A nine-month-old girl and her 29-year-old father died in the Saturday
afternoon pileup of about 18 vehicles, including an Alabama Sheriffs
Youth Ranches vehicle carrying eight other children aged 4 to 17, who
were killed, Butler County Sheriff Danny Bond said.
The ranch is home to "Alabama's needy, neglected, or abused, school-aged
children," according to its website.
Disaster struck as the ranch's 15-passenger van was returning from a
beach vacation, driven by Tallapoosa Ranch director Candice Gulley, the
only survivor aboard, who suffered serious injuries and was later
hospitalized, said Michael Smith, chief executive of the nonprofit
organization.
Killed were four girls who lived at the ranch, Gulley's son and daughter
and two boys who were their guests.
Smith, who spoke with Reuters on his way to a grief counseling session,
declined to share their names or ages.
"It was horrendous.
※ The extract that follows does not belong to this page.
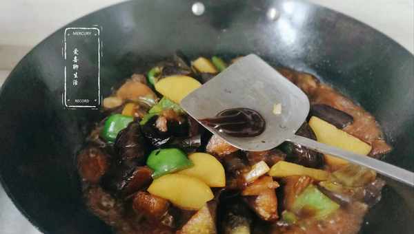 第四步,加入青椒。炒至茄子土豆都已經斷生變軟後,加入青椒一起翻炒均勻,然後加入生抽2勺,老抽1勺上色。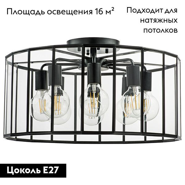 Потолочная люстра Lightstar Genni 798287 хорошо работает с лампами накаливания на стандартных цоколях E27. При желании можно выбрать теплый или нейтральный свет, ориентируясь на задачи комнаты. Один общий плафон объединяет источники, свет распределяется равномерно и без резких бликов.

I've never seen anything like it in my whole life,"
Smith said.
Earlier reports from officials had described the dead as nine girls and
one man.
The cause of the crash on Interstate Highway 65 between Greenville and
Fort Deposit, which was awash from the powerful storm, was under
investigation. The accident occurred at about 2:45 p.m. local time on
Saturday on a downhill stretch leading to a bridge over a creek, Bond
said.
"This is the worst accident in our county history," Bond told Reuters.
The father killed with his baby daughter was driving a car in which the
mother and others did not suffer major injuries, Bond said.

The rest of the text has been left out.